CalPERS: Why investments in oil and gas groups are also climate solutions

Peter Cashion

CalPERS has hit back at criticism from a coalition of environmental advocates and public sector unions, California Common Good, that its flagship $53 billion sustainable portfolio which it hopes to double to $100 billion by the end of the decade includes a $3.5 billion allocation to many of the world’s biggest polluters.

The organisation used public records, including filing a California Public Records Act request, to highlight that CalPERS’ climate adaptation, transition, and mitigation investments include holdings in 52 of the world’s largest greenhouse gas emitters. The report aims most of its criticism at CalPERS’ inclusion of seven oil and gas companies in the portfolio.

“Unfortunately, the report raises unfounded concerns that CalPERS isn’t serious about addressing climate change.

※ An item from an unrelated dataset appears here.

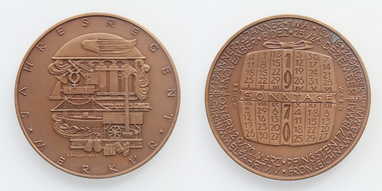 Österreich Kalendermedaille 1970 Bronze Merkur
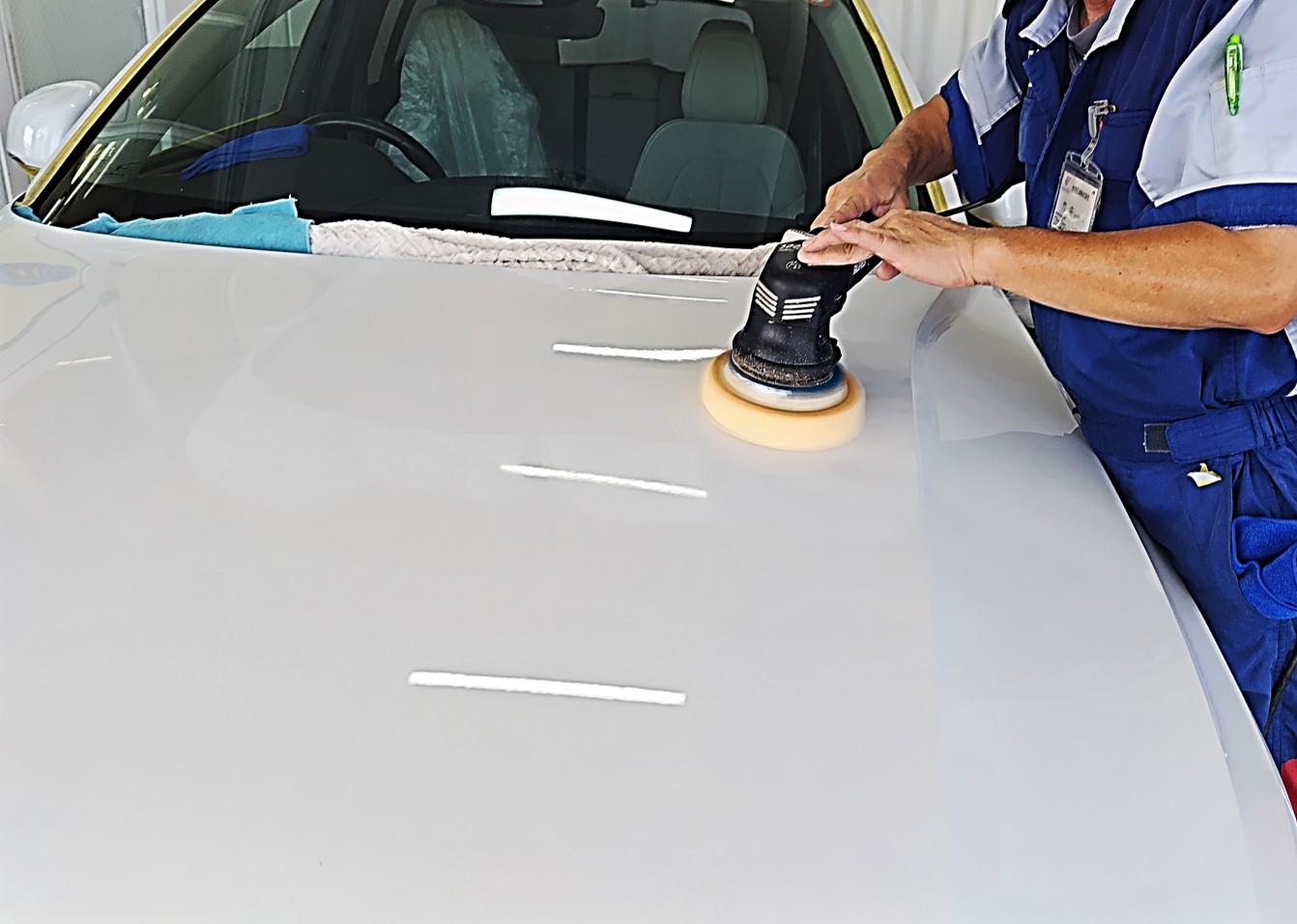 コーティング前の下処理として ポリッシャーでバフ掛け細密研磨を行います コンパウンドをつけて パネルごとにです 100%水ジミが除去できるわけではありませんが かなり薄く目立たなくなって キレイになる様子がよくわかります 細かいところは小さめのスポンジでゴシゴシと磨くんです

Even worse, it could be construed as suggesting that CalPERS is intentionally misleading its 2.2 million members and the public about the intent of our climate investing program,” said CEO Marcie Frost in a statement.

Problems in Solutions

CalPERS does indeed classify a small proportion of its investments in oil and gas companies as providing climate solutions, confirmed Peter Cashion, managing investment director for sustainable investments, speaking during the investor’s mid-March board meeting.

Specific business lines at these companies amount to $67 million worth of investments in activities that qualify as climate solutions like developing green biodiesel, carbon capture technology and sustainable aviation fuel.

CalPERS measures portfolio companies’ green business activity using a taxonomy that tracks climate solution investments across three categories – mitigation, adaptation and transition. Under the transition umbrella, Cashion said it is possible for high emitting companies in hard to abate sectors to qualify as providing a climate solution if they have transition strategies that support pro-climate activities.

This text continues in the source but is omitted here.